Data entries:
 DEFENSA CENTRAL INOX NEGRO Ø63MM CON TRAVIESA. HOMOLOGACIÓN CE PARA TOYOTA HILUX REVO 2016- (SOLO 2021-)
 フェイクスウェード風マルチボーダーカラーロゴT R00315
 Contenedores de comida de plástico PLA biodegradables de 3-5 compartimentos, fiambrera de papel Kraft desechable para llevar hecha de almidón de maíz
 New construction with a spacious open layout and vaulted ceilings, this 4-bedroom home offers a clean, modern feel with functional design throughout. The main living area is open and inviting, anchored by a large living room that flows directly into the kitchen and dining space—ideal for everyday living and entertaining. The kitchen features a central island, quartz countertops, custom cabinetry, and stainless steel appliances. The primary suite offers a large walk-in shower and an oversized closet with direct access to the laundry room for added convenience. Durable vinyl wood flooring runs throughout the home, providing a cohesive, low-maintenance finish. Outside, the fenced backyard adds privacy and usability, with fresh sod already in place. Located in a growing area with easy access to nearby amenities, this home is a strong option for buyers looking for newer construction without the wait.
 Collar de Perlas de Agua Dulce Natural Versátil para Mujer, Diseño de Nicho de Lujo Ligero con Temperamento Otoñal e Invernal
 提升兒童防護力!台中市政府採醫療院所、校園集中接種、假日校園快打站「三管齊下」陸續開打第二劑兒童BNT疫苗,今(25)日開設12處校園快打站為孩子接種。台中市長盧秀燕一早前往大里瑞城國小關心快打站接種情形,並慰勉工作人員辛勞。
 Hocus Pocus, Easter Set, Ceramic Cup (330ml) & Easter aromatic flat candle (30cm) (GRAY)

• THE TASK
Copy every entry exactly.

• PROBLEM SOLUTION
 DEFENSA CENTRAL INOX NEGRO Ø63MM CON TRAVIESA. HOMOLOGACIÓN CE PARA TOYOTA HILUX REVO 2016- (SOLO 2021-)
 フェイクスウェード風マルチボーダーカラーロゴT R00315
 Contenedores de comida de plástico PLA biodegradables de 3-5 compartimentos, fiambrera de papel Kraft desechable para llevar hecha de almidón de maíz
 New construction with a spacious open layout and vaulted ceilings, this 4-bedroom home offers a clean, modern feel with functional design throughout. The main living area is open and inviting, anchored by a large living room that flows directly into the kitchen and dining space—ideal for everyday living and entertaining. The kitchen features a central island, quartz countertops, custom cabinetry, and stainless steel appliances. The primary suite offers a large walk-in shower and an oversized closet with direct access to the laundry room for added convenience. Durable vinyl wood flooring runs throughout the home, providing a cohesive, low-maintenance finish. Outside, the fenced backyard adds privacy and usability, with fresh sod already in place. Located in a growing area with easy access to nearby amenities, this home is a strong option for buyers looking for newer construction without the wait.
 Collar de Perlas de Agua Dulce Natural Versátil para Mujer, Diseño de Nicho de Lujo Ligero con Temperamento Otoñal e Invernal
 提升兒童防護力!台中市政府採醫療院所、校園集中接種、假日校園快打站「三管齊下」陸續開打第二劑兒童BNT疫苗,今(25)日開設12處校園快打站為孩子接種。台中市長盧秀燕一早前往大里瑞城國小關心快打站接種情形,並慰勉工作人員辛勞。
 Hocus Pocus, Easter Set, Ceramic Cup (330ml) & Easter aromatic flat candle (30cm) (GRAY)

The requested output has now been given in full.